Although the atomic size of arsenic and antimony increases, their melting points decrease. Antimony has a layered structure, also a lower melting point than arsenic due to the free packing of atoms. Furthermore, because of the loose packing of atoms caused by metallic bonding, bismuth has a lower melting point than antimony. The boiling point of bismuth, on the other hand, gradually rises from nitrogen to bismuth.

5. Where Can I Find Notes of the Oxidation State of Group 15 Elements?

Vedantu has all of the notes and questions on group 15 and their oxidation states. Vedantu provides high-quality content to students at no cost. The content is structured in such a way that students can understand it more easily. To access the free content, students must first visit the Vedantu website and register. Students can use Vedantu's mobile app to do the same thing. Vedantu has content related to every subject. Signup for free now to make full use of it.
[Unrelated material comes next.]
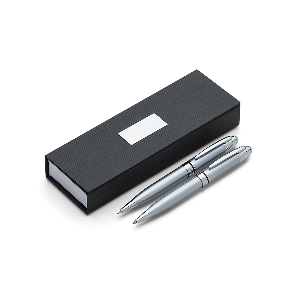 Conjunto caneta e lapiseira em estojo de cartonagem com placa central para personalização. Clip metal e anel central possui: anel fino prata, anel preto fino e um anel maior prata com relevo e acionam por giro. Estojo revestida com espuma na parte interna.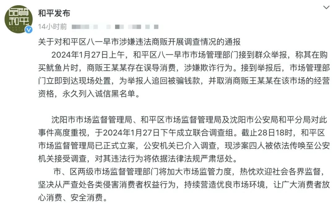 28日,沈陽市和平區(qū)市場(chǎng)監(jiān)督管理局發(fā)布通報(bào)

6. Is Nitrogen Fluoride a True Example of +5 Oxidation State for Group 15 Members?

When compared with the rest of the Group 15, due to the highest electronegativity it possesses, NItrogen is regarded as the most non-metallic of the group. The most common oxides of NItrogen are +5, +3, and -3. The oxyacids and oxides of Nitrogen comprise of nitrogen oxide, nitrogen dioxide, and nitrous oxide, all of which have different practical applications. As far as Nitrogen Fluoride is concerned, it is indeed an example of +5 oxidation state for group 15 members. But this example is only theoretical as the compound has not been synthesized yet. You can use the example of N2O5 also.

7. Are Pnictogens and the Elements of Group 15 One and the Same Thing?

The greek word for suffocation or choking is “Pnico,” now as all the elements of Group 15 produce suffocating effects, they are also known as pnictogens. Group 15 is also known as the Nitrogen family. The elements of this group exhibit similar patterns in the configuration of the electrons. All the components of this group have 5 electrons in the outermost shell, 2 electrons in the s subshell and 3 unpaired electrons in the p subshell. Yes, any element of the group 15 of the periodic table is also called a pnictogen because the elements belong to the nitrogen family or nitrogen group of elements (nitrogen, phosphorus, arsenic, antimony, bismuth and moscovium).